Los médicos conservadores adoptan con entusiasmo las nuevas terapias “cuando el beneficio es claro y la evidencia sólida e imparcial”, enfatizan los autores, pero muchos supuestos avances “ofrecen, en el mejor de los casos, beneficios marginales”. La medicina conservadora contra el cáncer, tal como la concibo, se centraría menos en las pruebas, los tratamientos, la alarma infundada, la retórica militarista y la exageración. Reconocería los límites de la medicina y honraría el juramento hipocrático: Ante todo, no hacer daño.

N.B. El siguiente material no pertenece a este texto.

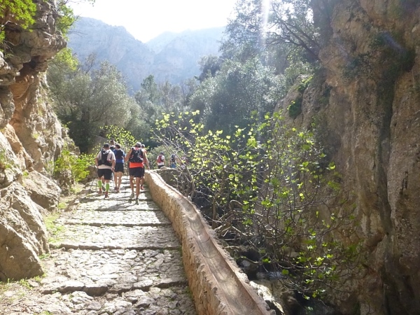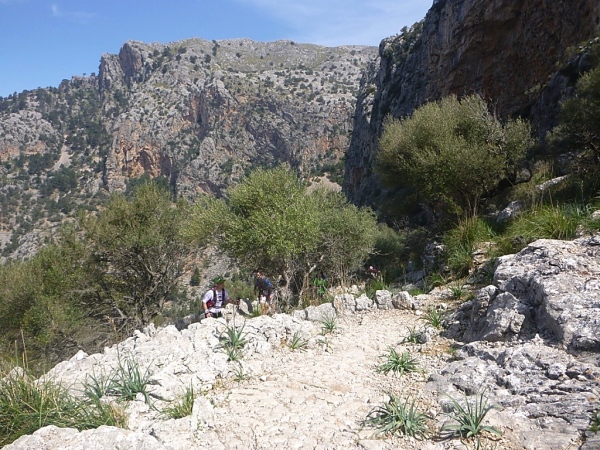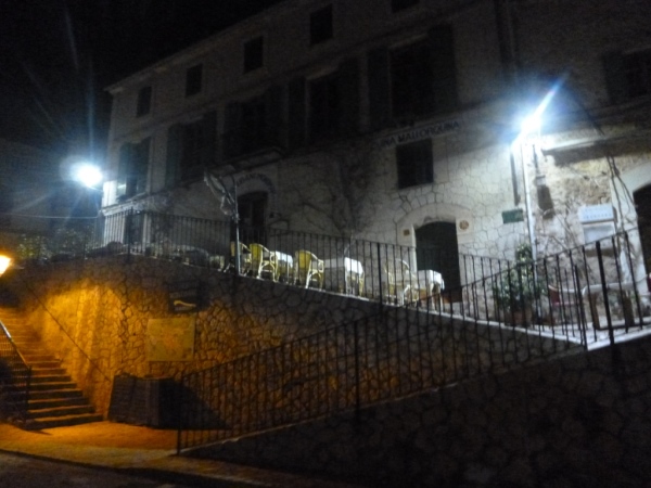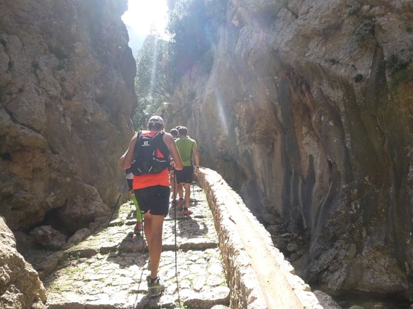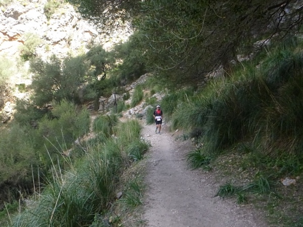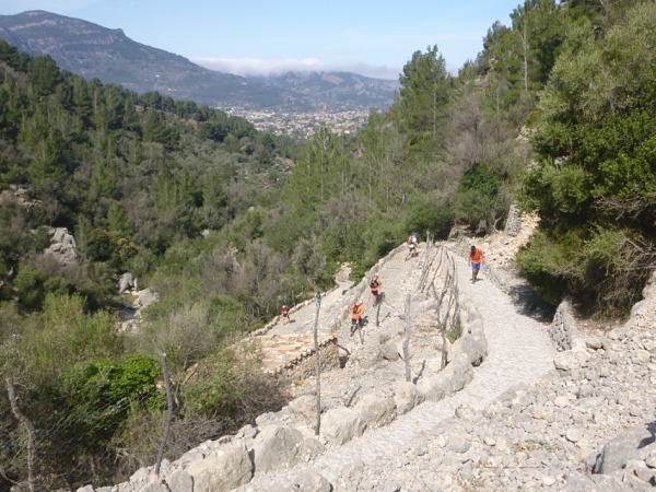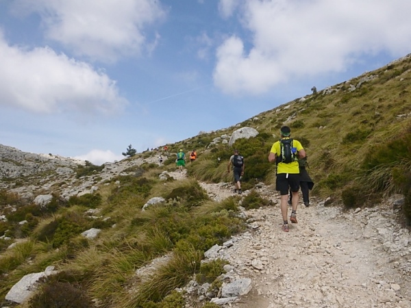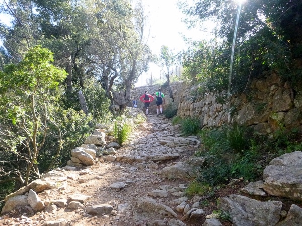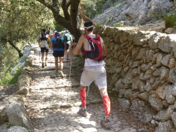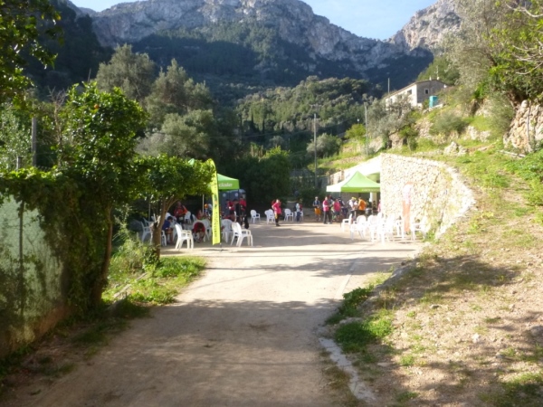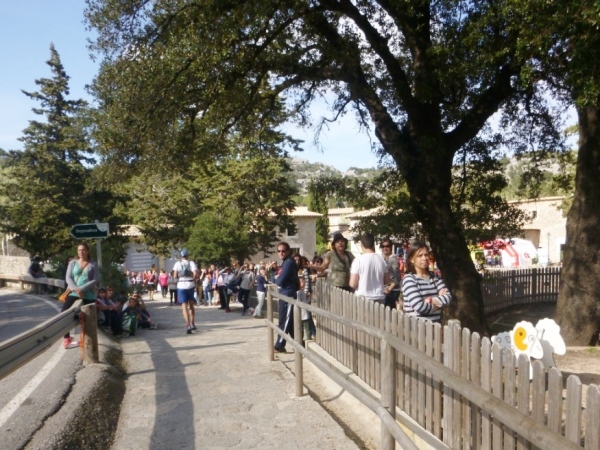 So gab es viel Abwechslung auf der ganzen Strecke, mal genoss ich die Einsamkeit in den Bergen und dann wieder das geschäftige Treiben in den Ortschaften mit den Verpflegungsposten. In Sóller hatte ich bereits mehr als die Hälfte des Ultratrails gemeistert. Zuerst waren die engen Gassen menschenleer, doch dann säumten immer mehr Zuschauer den Straßenrand. Mal links, mal rechts musste ich durch die gepflasterten Straßen laufen. Wo war nun endlich die Verpflegung, ich hatte Durst und war auch etwas hungrig. Endlich wies mir ein Streckenposten den Weg zwischen den vielen Zuschauern in einen Hof, wo ich mich stärken konnte. Nach diesen vielen Kilometern der Einsamkeit bis Sóller (VP km 68,1) war ich mit dem Lärm in den engen Gassen und den vielen Menschen fast überfordert und wünschte mich wieder schnell in die Berge. Doch mir war auch bewusst, dass ich hier die Gelegenheit hatte, meine Vorräte aufzufüllen, denn die nun folgenden 10 Kilometer mit mehr als 800 Höhenmetern sollten auf den steilen Pflasterwegen sehr anstrengend werden. Ständig spürte ich die Steine, die sich durch meine Schuhe in die Fußsohle bohrten, ganz egal wie klein oder groß er war. Okay, da musste ich nun durch und da es sowieso steil bergauf ging, konnte ich langsam gehen und mich etwas schonen.

Los médicos no pueden, por sí solos, impulsar un cambio hacia una medicina conservadora contra el cáncer. Nosotros, los pacientes, debemos ayudarlos. Debemos reconocer los límites de la medicina y la capacidad de autocuración de nuestro cuerpo. Debemos resistirnos a las pruebas y tratamientos que, en el mejor de los casos, ofrecen beneficios mínimos. Quizás nunca encontremos la cura para el cáncer, que surge del choque entre nuestra compleja biología y la entropía, la tendencia de todos los sistemas al desorden. Pero si logramos controlar nuestro miedo y nuestra codicia, sin duda mejorará la atención oncológica.
Una última observación: quisiera agradecer a los expertos que he citado anteriormente —John Ioannidis, Siddhartha Mukherjee, Vinay Prasad, Azra Raza y Gilbert Welch— así como a Cochrane y theNNT.com Por sus evaluaciones directas y valientes sobre la medicina oncológica. Personas y grupos como estos representan nuestra mejor esperanza para la reforma del sistema de salud. Solo tenemos que escucharlos.
Lecturas adicionales:
Respuestas a “La industria del cáncer: ¿Exageración o realidad?”

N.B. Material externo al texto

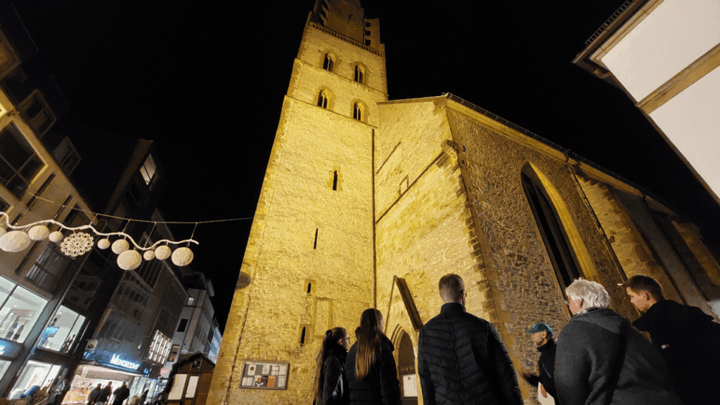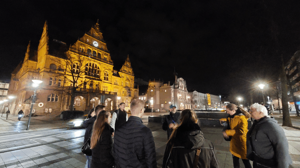 Am 11. November 2025 hatte der BDZ-Ortsverband Bielefeld seine Mitglieder zu einem kulinarischen Spaziergang durch die Bielefelder Altstadt -mit Stadtführung und Drei-Gänge-Menü- eingeladen. Um 17 Uhr begann die Stadtführung am Alten Rathaus, wo die Gruppe bereits einige interessante Informationen über das mittelalterliche Stadtbild in Bielefeld erhielt. Im „Hofbräu“ am Alten Rathaus gab es dann den ersten Gang – eine köstliche Maronenschaumsuppe, die so sicherlich die wenigsten der Teilnehmenden bisher gegessen hatten. Weiter ging es Richtung Altstädter Nikolaikirche, wo Wissenswertes über den Leineweber, den Leinenhandel und andere wichtige Industriezweige erläutert wurde. Es folgte der Hauptgang (Hacksteak und Backkartoffel mit Beilagen) im „Block House“. Der letzte Teil der Stadtführung führte die Gruppe dann in die westliche Altstadt, wo alle nochmals Eindrücke in die Bielefelder Kunstszene bekamen und einen Blick auf die Sparrenburg erhaschen konnten. Großen Eindruck hinterließen auch die Geldscheine aus Stoff, welche kunstvoll bedruckt früher als Zahlungsmittel eingesetzt wurden. Über den Klosterplatz ging es dann zur letzten Station des kulinarischen Rundgangs, ins „Kachelhaus“. Der knusprige und äußerst leckere Kaiserschmarrn und eine Tasse Kaffee waren dann ein gelungener Abschluss des Abends. Alle Teilnehmerinnen und Teilnehmer gingen satt und zufrieden nach Hause.
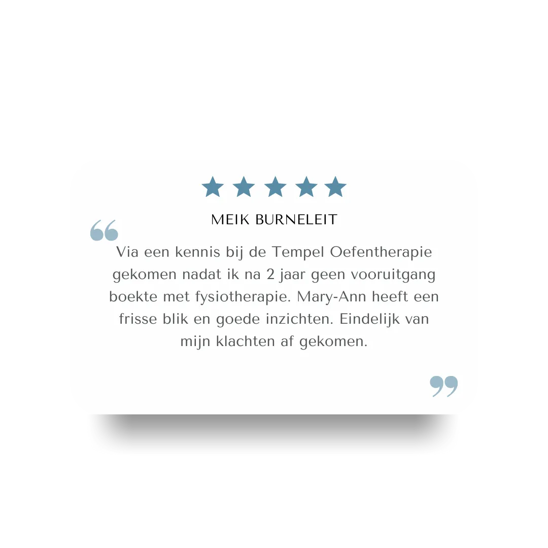 Ter vergelijking: bij fysiotherapie betaal je vaak per behandeling (of je hebt eerst een eigen risico van €385) en ben je afhankelijk van afspraken en beschikbaarheid. Met dit online programma kun je in je eigen tijd werken aan herstel, zonder terugkerende consultkosten.
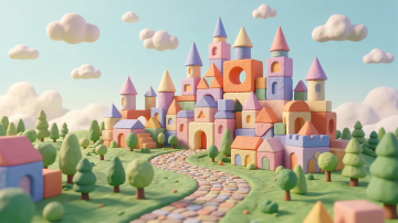 软3D风卡通场景,拟人化大老鼠屋中女孩温馨阅读,毛发生长质感与粘土风格结合,梦幻可爱,趣味十足。
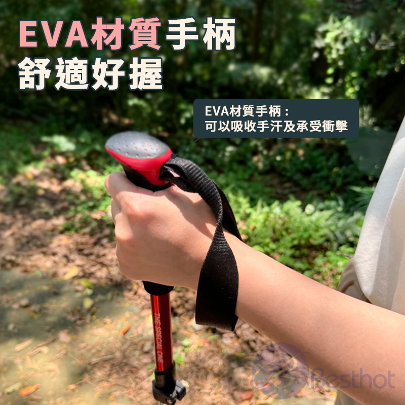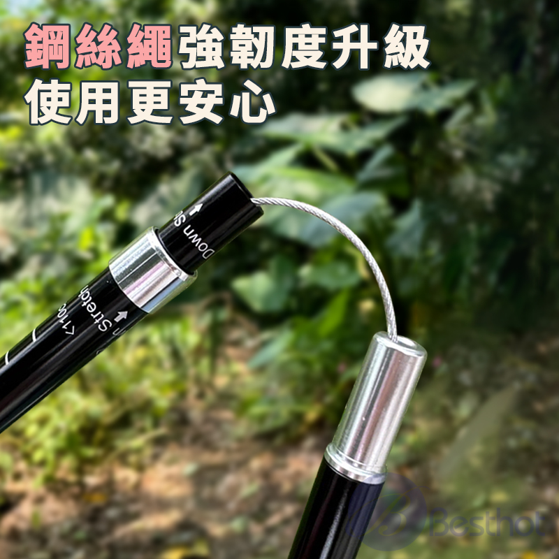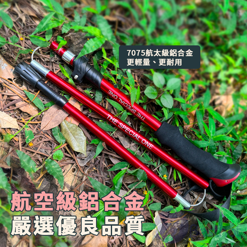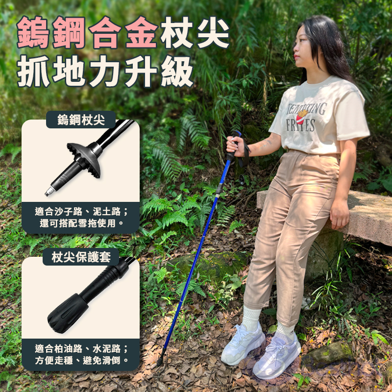 超值登山杖二入組,附杖尖套雪帽; 輕量杖身設計,戶外登山健行首選; 嚴選優良品質,鋼絲繩強韌度升級; 鎢鋼合金杖尖,防磨防滑性能更好; 不受身高限制,更適合亞州人使用。

Meta-Entrada: Publicaciones sobre el cáncer
¿Pueden las pruebas de detección invasivas de por vida erradicar el cáncer??
¿Está sobrevalorada la medicina??
Consulta también mi libro gratuito en línea. Problemas mente-cuerpo.
Las opiniones expresadas son las del autor o autores y no necesariamente las de Scientific American.
#collated, artículo original aquí: https://blogs.scientificamerican.com/cross-check/the-cancer-industry-hype-vs-reality/
Juan Horgan, quien escribe para Scientific American desde 1986, comenta sobre ciencia en su Revista en línea gratuita Cross-Check. También ha publicado sus libros. Problemas mente-cuerpo y Mi experimento cuántico En línea. Horgan imparte clases en el Instituto Tecnológico Stevens.